Carta familiar recibida en el Palacio Arquiepiscopal de
Santiago de Cuba.
Ayer escribí a V. de carrera, con mala pluma y peor pulso,
lo que más importaba a V. saber, esto es, que el Prelado sigue bien. Hoy pienso
escribir con más despacio, empezando por lo que menos importa, esto es, por las
particularidades y vulgaridades de nuestro viaje, y concluyendo con la relación
circunstanciada del atentado que se cometió.
Hasta Palma Soriano
caminamos sin particular desasosiego acerca de S. É. IIma., consolándonos la
opinión que habían formado los medicos al reconocer por primera vez las
heridas; pero en Palma Soriano empezaron a darnos malas noticias, y puede V.

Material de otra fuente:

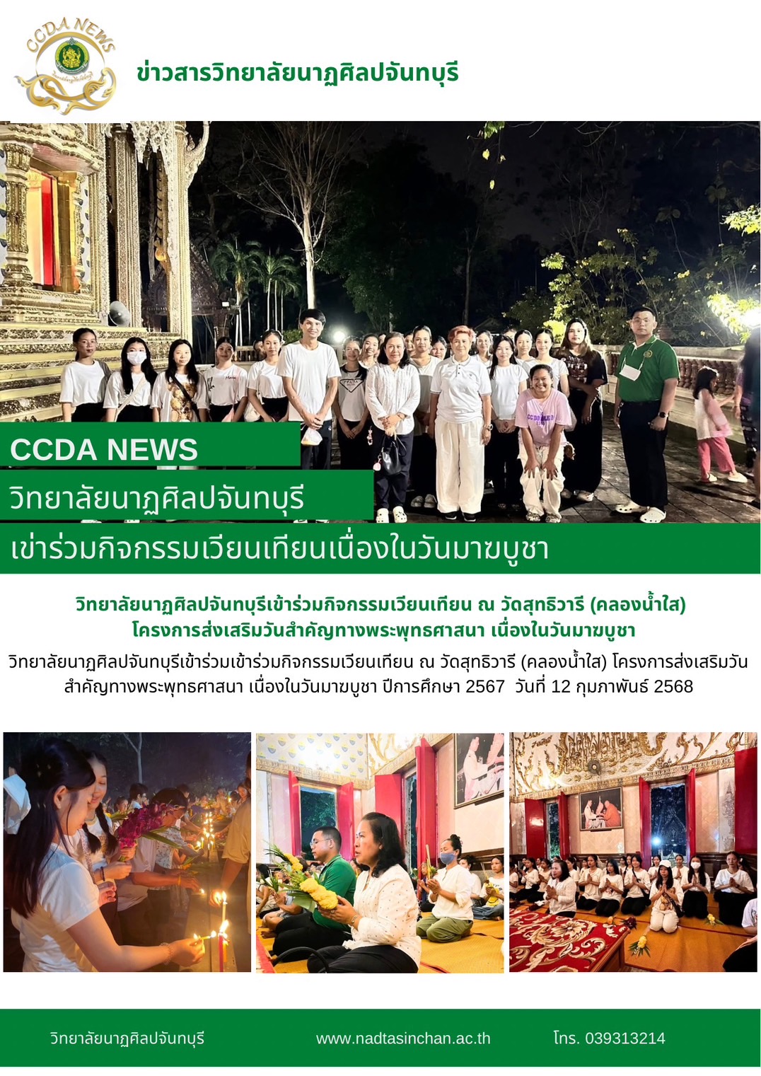 วิทยาลัยนาฏศิลปจันทบุรีเข้าร่วมกิจกรรมเวียนเทียน ณ วัดสุทธิวารี (คลองน้ำใส) โครงการส่งเสริมวันสำคัญทางพระพุทธศาสนา เนื่องในวันมาฆบูชา ปีการศึกษา 2567  วันที่ 12 กุมภาพันธ์ 2568

figurarse con qué susto pasamos aquella noche, y caminamos el siguiente día.
Las malas noticias se iban repitiendo en Palo-Picado, Demajagua, etc..., hasta
que llegamos a Sabanilla, que dista de
Cuba treinta leguas, y de Holguín doce. En el indicado punto de Sabanilla nos
dijeron ya que S. E. estaba fuera de peligro, y, como V. puede suponer, esta
noticia nos quitó de encima grandísimo peso. Llegamos, por fin, ayer, a cosa de
las once de la mañana, y una hora después vimos la curación que practicaron los médicos. Hemos
llegado algo estropeados.
Vamos ahora al
atentado. El día en que esto sucedió, visitó el Sr. Arzobispo el cementerio, la
cárcel y el hospital con un humor tan alegre y festivo como acostumbra: fue el
viernes 1.° de febrero. Por la noche dio principio a la novena del Corazón de
María, y predicó bastante largo de la Virgen. Entre otras cosas, dijo que la
Virgen lo había salvado muchas veces de peligros inminentes de perder la vida. Tal
vez el asesino oyó esto. Concluido el sermón y cantado los gozos, salió S. E.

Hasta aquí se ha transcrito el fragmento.